Auto Loan Refinance Calculator
Example: Current loan balance: 22000 $ · Current APR: 9.5 % · Months remaining: 48 months · New APR: 6 % · New term: 48 months
| Monthly savings | $36 |
| Total interest savings | $1,730 |
| Current payment | $553 |
| New payment | $517 |
Worked example
Say you owe $22,000 with 48 months left at 9.5%, a payment of about $554. Refinance to 6% over the same 48 months and the payment falls to roughly $517, saving about $37 a month. Because you kept the term the same, that monthly saving compounds into roughly $1,760 less interest over the life of the loan — real money for a single application.

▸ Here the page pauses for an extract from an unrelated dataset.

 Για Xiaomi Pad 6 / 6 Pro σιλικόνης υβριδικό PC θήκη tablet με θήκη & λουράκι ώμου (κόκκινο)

Frequently asked questions
When does refinancing a car make sense?
It usually pays off when the new rate is meaningfully lower than your current one, your credit has improved, or you are early enough in the loan that interest still makes up a large share of each payment. If you only have a few months left, the savings are small.

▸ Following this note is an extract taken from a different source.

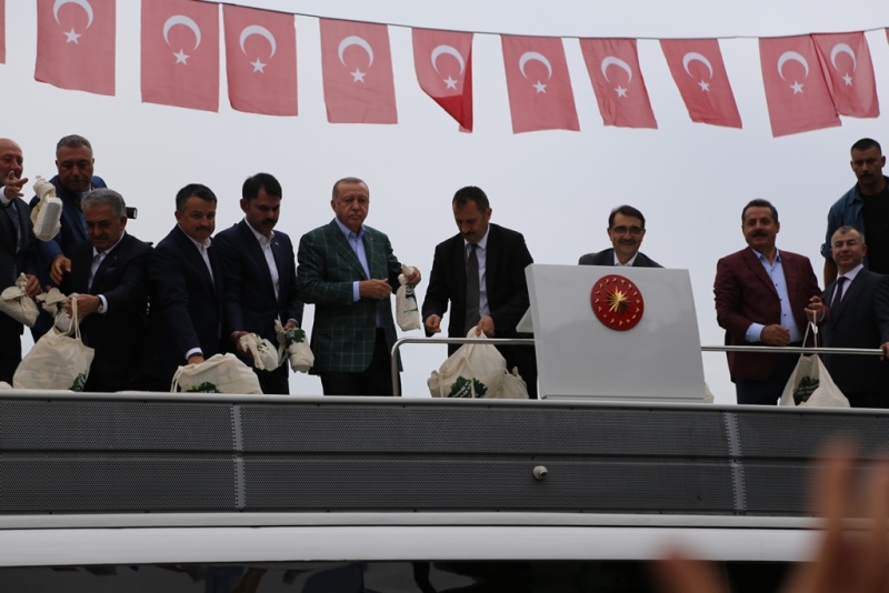 Baraj suları altında kalacak olan Yusufeli ilçesinde yapımı devam eden yeni yerleşim yerinin göl manzaralı olacağını söyleyen Cumhurbaşkanı Erdoğan, “Hiç endişeniz olmasın. Biz bugüne kadar kullar karşısında başımızı öne eğmedik. Biz sadece rabbimizin karşısında rükuda eğiliriz. Secdede eğiliriz. Başka bir yerde asla. Bu eser için Yusufeli çok büyük fedakarlıkta bulundu. Baraj suları altında kalacak Yusufeli ilçesinin yerleşim yerini değiştirmek zorunda kaldık. Ama helikopter ile geçerken baktım ki denize nazır konutlarımız yapılıyor. Her şeyi ile muhteşem bir şehir inşa ediliyor. Şu süreç içerisinde dedikodular veya bazı olumsuz kampanyalar yürütülebilir. İnanın oralara yerleştiğiniz zaman ben inanıyorum ki siz bize çok dua edeceksiniz. Çünkü bütün devlet binaları, okullarıyla, ibadethaneleriyle hakikaten alt yapı ve üst yapısıyla muhteşem bir Yusufeli burada inşa ediliyor. Bunu dünyaya örnek göstereceğiz. Burayı görenler burayı nasıl yaptılar diyecekler. Barajın gövdeleri burası nasıl yapıldı, buraya bu kayalar çimentosu, betonu buraya nasıl döküldü. Bu tüneller nasıl açıldı. Bu viyadükler nasıl yapıldı. Bunları gördükleri zaman şaşıracaklar. Onlar bizim Türkiye olduğumuzu bilmiyorlar. Biz Türk'üyle, Gürcü'süyle, Abaza'sıyla, Arap'ıyla, Laz'ıyla, Kürt'üyle bir olduk, beraber olduk, kardeş olduk, Türkiye olduk ve bunları başardık. Daha güzelini inşallah yapmaya devam edeceğiz” dedi.

Does keeping the same term matter?
Yes. Lowering the rate while keeping the same number of months captures the full interest savings. Extending the term lowers the monthly payment but can wipe out or reverse the total savings, so compare the total-savings line, not just the payment.
Will refinancing hurt my credit?
A refinance application triggers a hard inquiry, which can dip your score a few points temporarily. Shopping multiple lenders within a short window is typically treated as a single inquiry. The long-term benefit of a lower rate usually outweighs the small dip.
Can I refinance if I owe more than the car is worth?
It is harder. Lenders prefer a loan-to-value ratio below 100%. If you are underwater, you may need to pay down the balance first or find a lender that allows higher LTV, often at a higher rate.